Tuesday, June 12, 2007

Finally figured out my problem with most autism discussion groups

I'm afraid I'll get flamed into oblivion for writing this post, but oh well.

I think I have *finally* figured out what it is about most online autism communities, even those populated by actual autistics, that drives me away.

I've never been able to enjoy the forums at Aspies for Freedom and WrongPlanet. I have been able to partially attribute it to the chaos of the message board format, to the self-hatred of some members, and to claims on some members' part that some types of autistics, though not their type, need to be cured.

When I wandered back into a few two or three days ago, I realized that there's another attitude in those groups that really freaks me out. (Disclaimer: I do not mean that all members have this attitude, I'm just referring to an overall viewpoint that I've seen.) It's a sort of medicalization, in terms of fitting one's existence, or another's into medical categories, but medicalization doesn't even seem like quite the right word.

It seems almost more like some sort of "Autism Expert" worship, combined with word worship. (Note that this doesn't include all "experts" though. Most specifically it excludes anti-vax fanatics, and those who claim that ABA is the only way to "treat" us. The group that is most commonly used seems to instead be those who theorize about our internal state and social "problems.") If some "Autism Expert" comes up with a theory about our "social deficits" or "cognitive deficits," a bunch of people will spend time trying to cram little bits of who they are into the wording that the professional used. It's like there's an idea that if there's a word for it, it's right.
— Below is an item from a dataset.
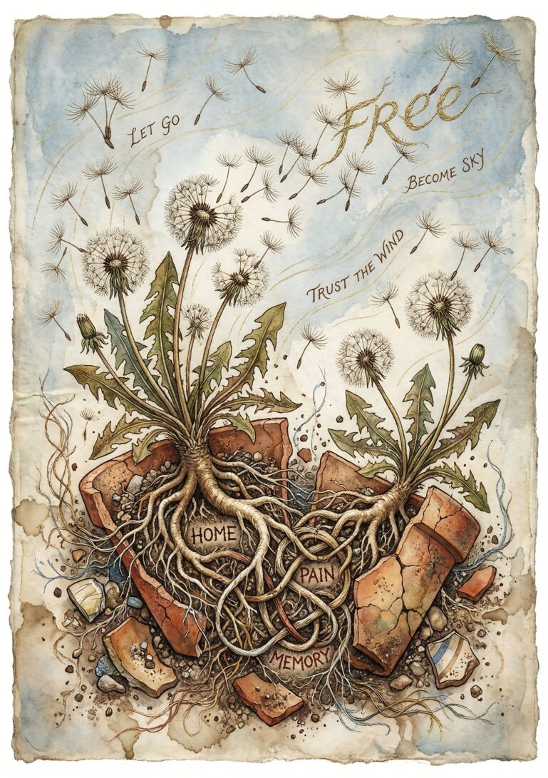 This artwork tells a story of profound personal growth. It’s about the courageous act of shedding the past to embrace a new, more authentic self. The intricate floral roots symbolize history and foundation, while the emerging wings represent freedom and future potential. It’s more than just a picture; it’s a daily reminder of resilience, change, and the beautiful becoming that happens when we dare to transform.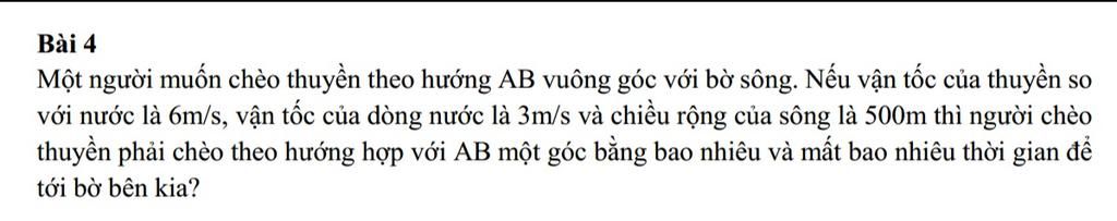 Gọi \(\alpha \) là góc hợp tạo bởi phương chuyển động của thuyền và phương vuông góc với bờ.

I see discussion of whether fictional characters are "high-functioning," "low-functioning," or in the middle, and arguments over this, with very little criticism of even the concept of functioning labels being accurate. I saw similar with people arguing over whether my favorite fictional character is Kanner or Asperger type autistic, but didn't see anyone arguing that there really is no difference. (I would have charged into that one, but it seemed too late.) I see people discussing how something demonstrates their lack of Theory of Mind, or their lack of empathy. I see very little criticism of these concepts, even if they aren't necessarily accurate.

I saw one post (and I'm really afraid someone will come and flame me for pointing out a specific) that said that Temple Grandin said that we couldn't have complex emotions. There was nothing implying that she could be wrong, it just seemed to be something like, "Grandin says it and Grandin is God." In my opinion, she's not infallible, and she's not perfect, and, as one autistic, she isn't able to describe what every single autistic can and cannot do. Her ideas about "low-functioning" autistics also infuriate me, but that's a message for another time. (I will say that I don't dislike Grandin completely - I met her at a book talk in Sacramento, and she seemed nice enough.)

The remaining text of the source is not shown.